Segment Open
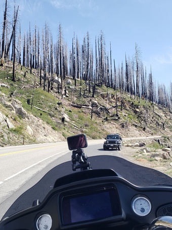 ここまでの道中、山間に入ってからは、各所で山火事の跡を見てきた。
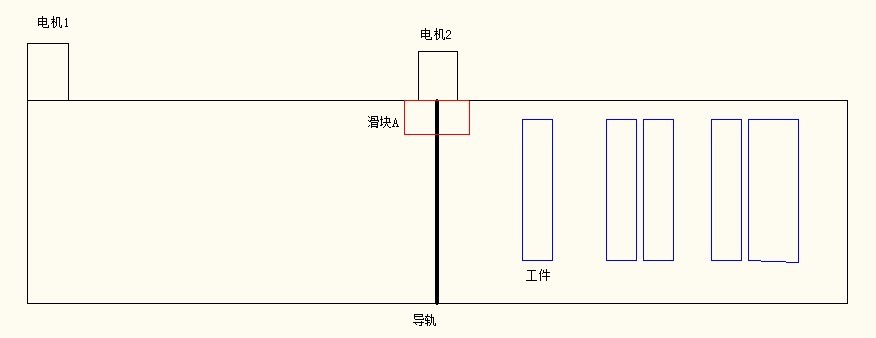 電機1一直轉(zhuǎn),帶動工件運轉(zhuǎn),當工件運行到導軌底下時電機1停止,電機2啟動,帶到滑塊A沿導軌運行到另一端立即再回到原點,然后電機1再啟動,直到下一工件到導軌底下,如此循環(huán)。
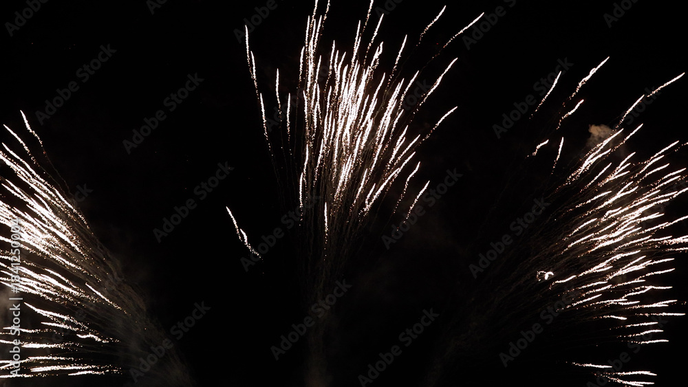 Amazing real beautiful colorful fireworks background on celebration night event for happy new year party, Abstract Multi color golden firework in the night sky
Segment Closed
# Task
Could you print the data exactly as it appears and keep the pictures out?

# Result below
 ここまでの道中、山間に入ってからは、各所で山火事の跡を見てきた。
 電機1一直轉(zhuǎn),帶動工件運轉(zhuǎn),當工件運行到導軌底下時電機1停止,電機2啟動,帶到滑塊A沿導軌運行到另一端立即再回到原點,然后電機1再啟動,直到下一工件到導軌底下,如此循環(huán)。
 Amazing real beautiful colorful fireworks background on celebration night event for happy new year party, Abstract Multi color golden firework in the night sky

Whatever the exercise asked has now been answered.